What is expected: Every line of the material needs an exact copy, apart from the images.

Data excerpt:
· · · ·
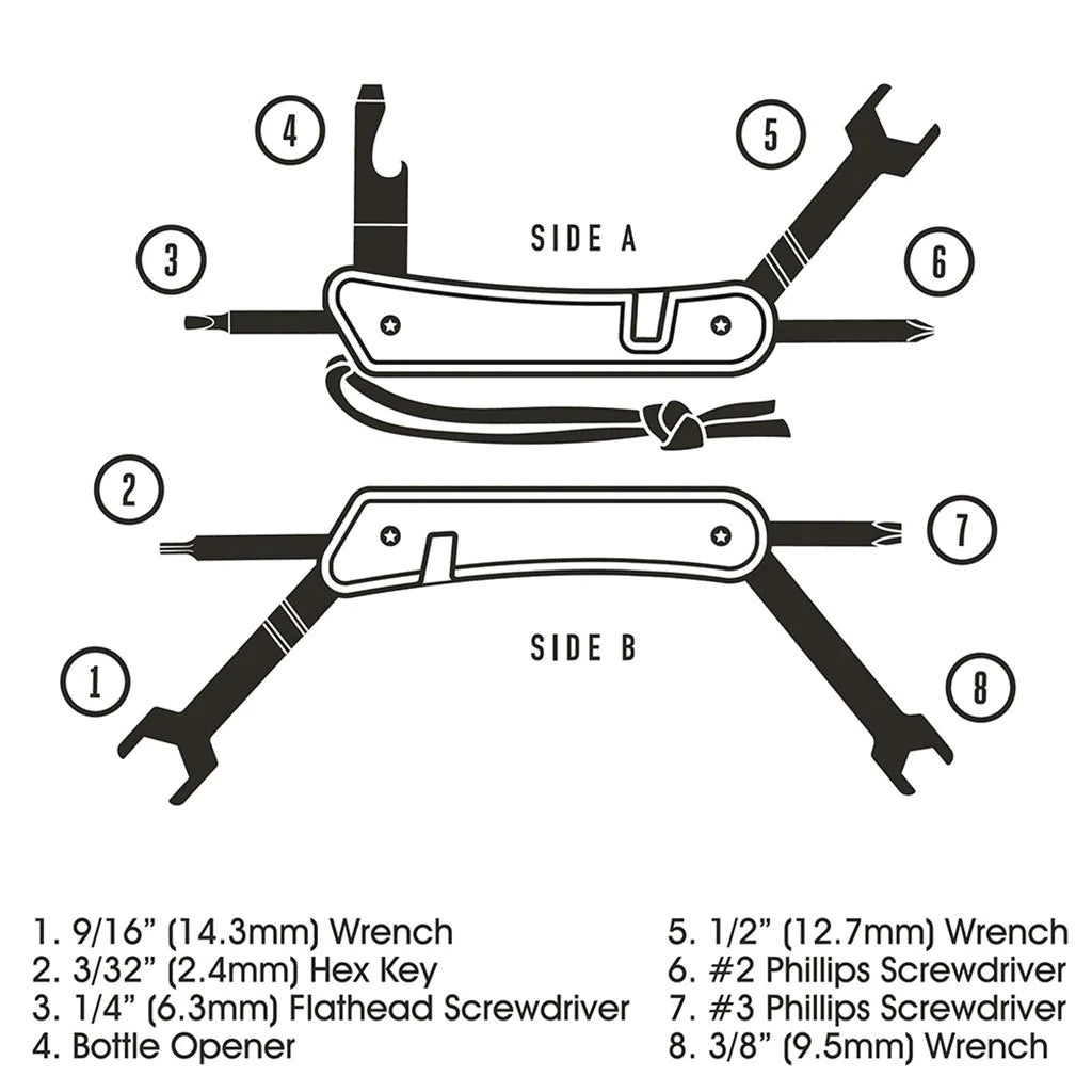 • Tool includes 3 wrenches, 2 Phillips screwdrivers, a Hex Key, Flat Head Screwdriver and Bottle Opener
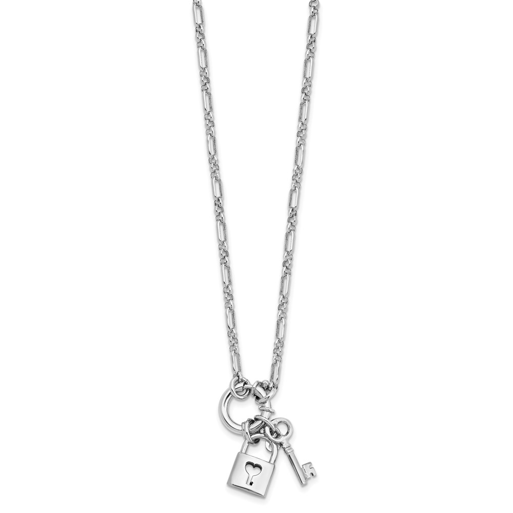 Leslie's Sterling Silver Rhodium-plated Polished Lock and Key Necklace
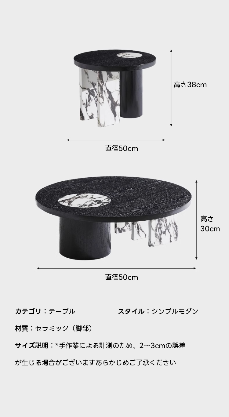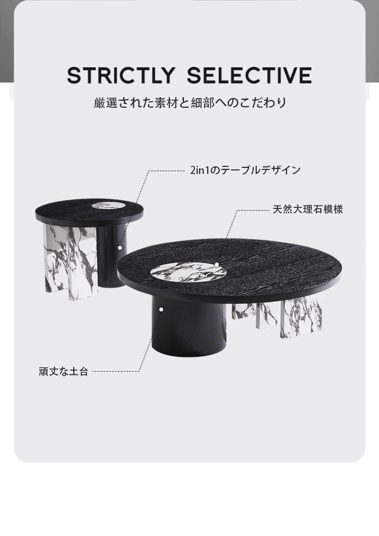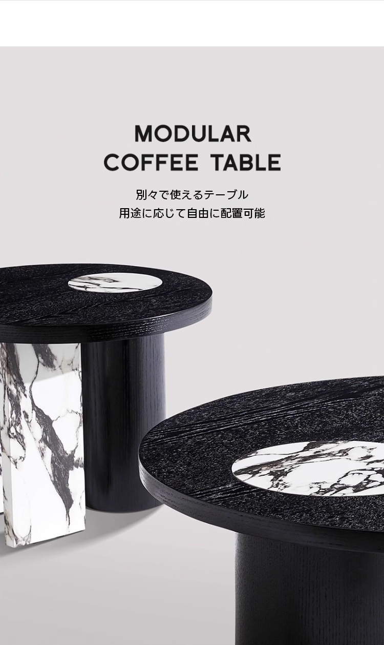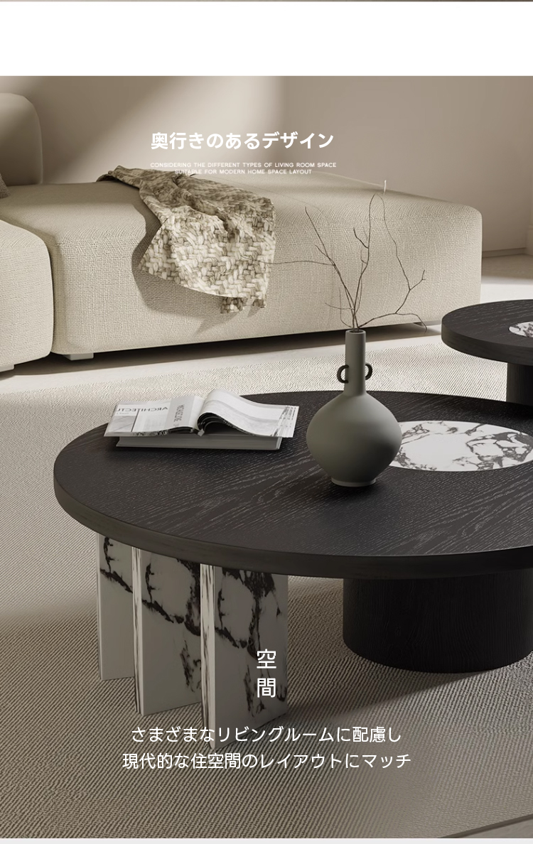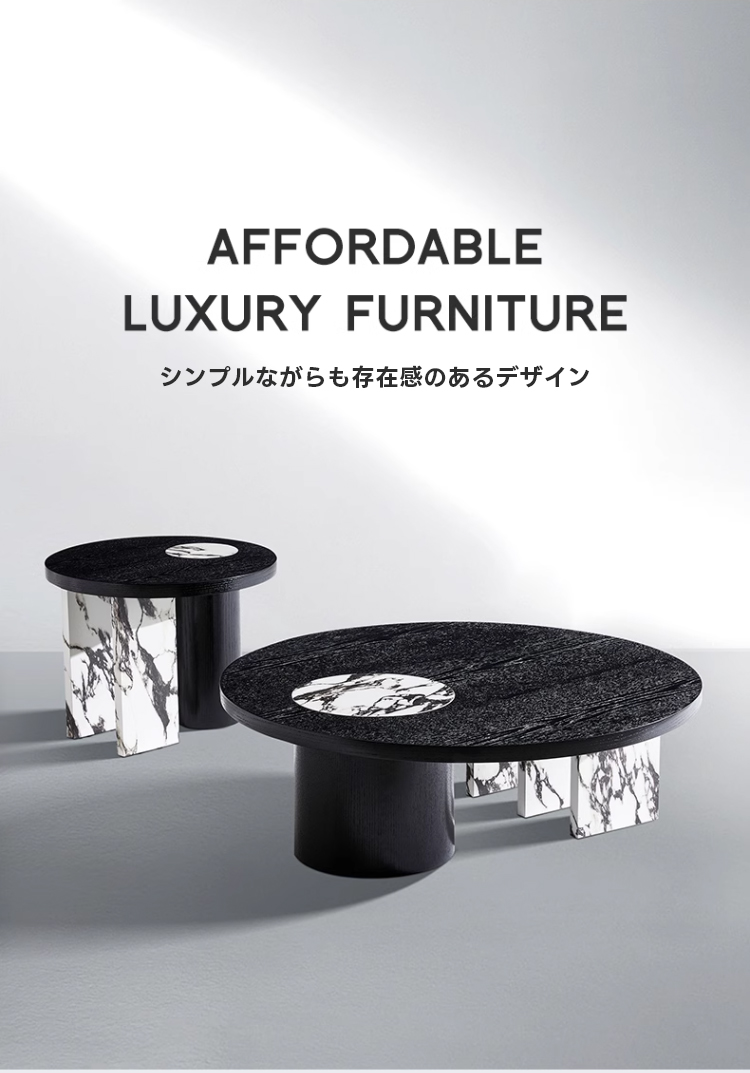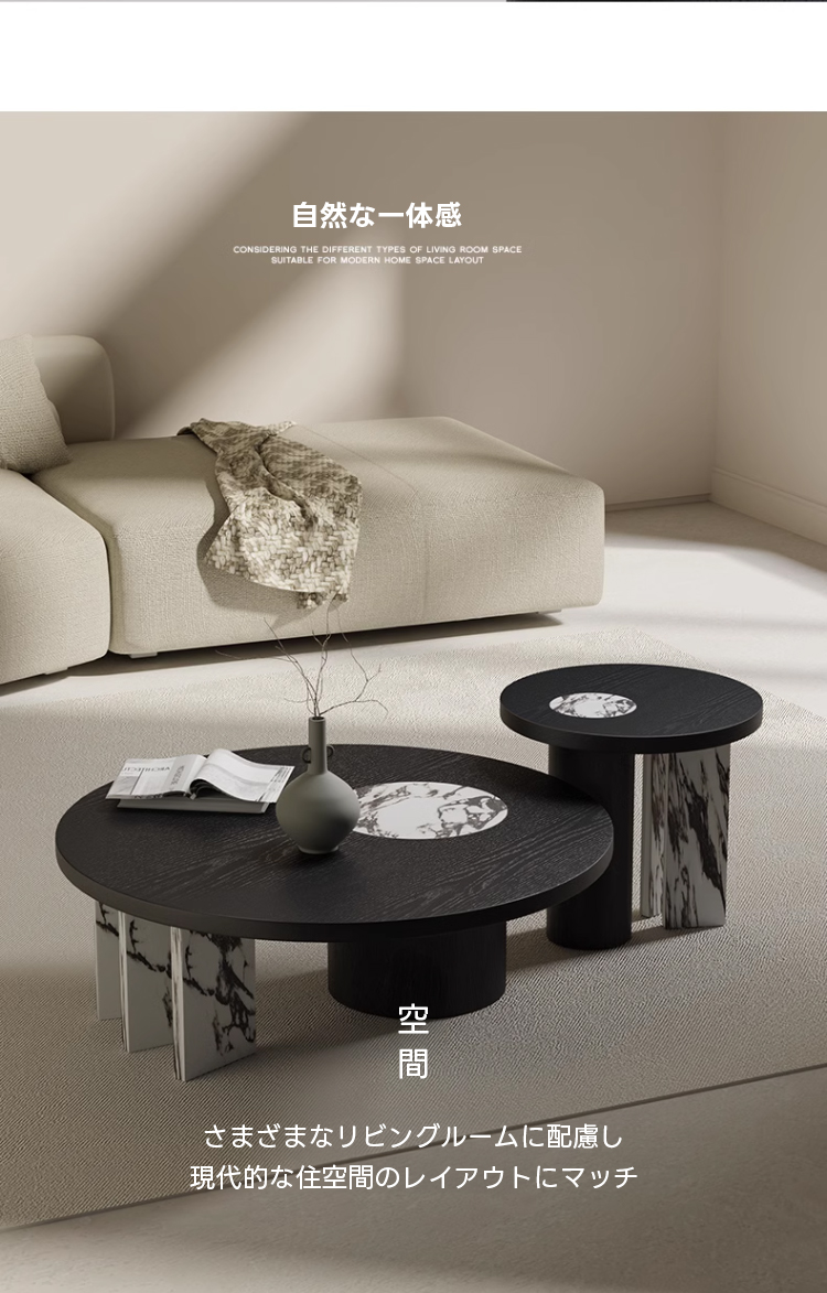 - 【多機能性とデザインの融合】:異素材ラウンドコーヒーテーブルは、シンプルモダンなデザインと多機能性を兼ね備えています。ブラックを基調としたシックなデザインに、天然大理石模様がアクセントを加え、どんなインテリアにも自然に溶け込みます。ネストテーブルとして2in1の機能を持ち、スペースに応じて自由に配置できるため、リビングや座卓として幅広く活用できます。
· · · ·
Result below:
 • Tool includes 3 wrenches, 2 Phillips screwdrivers, a Hex Key, Flat Head Screwdriver and Bottle Opener
 Leslie's Sterling Silver Rhodium-plated Polished Lock and Key Necklace
 - 【多機能性とデザインの融合】:異素材ラウンドコーヒーテーブルは、シンプルモダンなデザインと多機能性を兼ね備えています。ブラックを基調としたシックなデザインに、天然大理石模様がアクセントを加え、どんなインテリアにも自然に溶け込みます。ネストテーブルとして2in1の機能を持ち、スペースに応じて自由に配置できるため、リビングや座卓として幅広く活用できます。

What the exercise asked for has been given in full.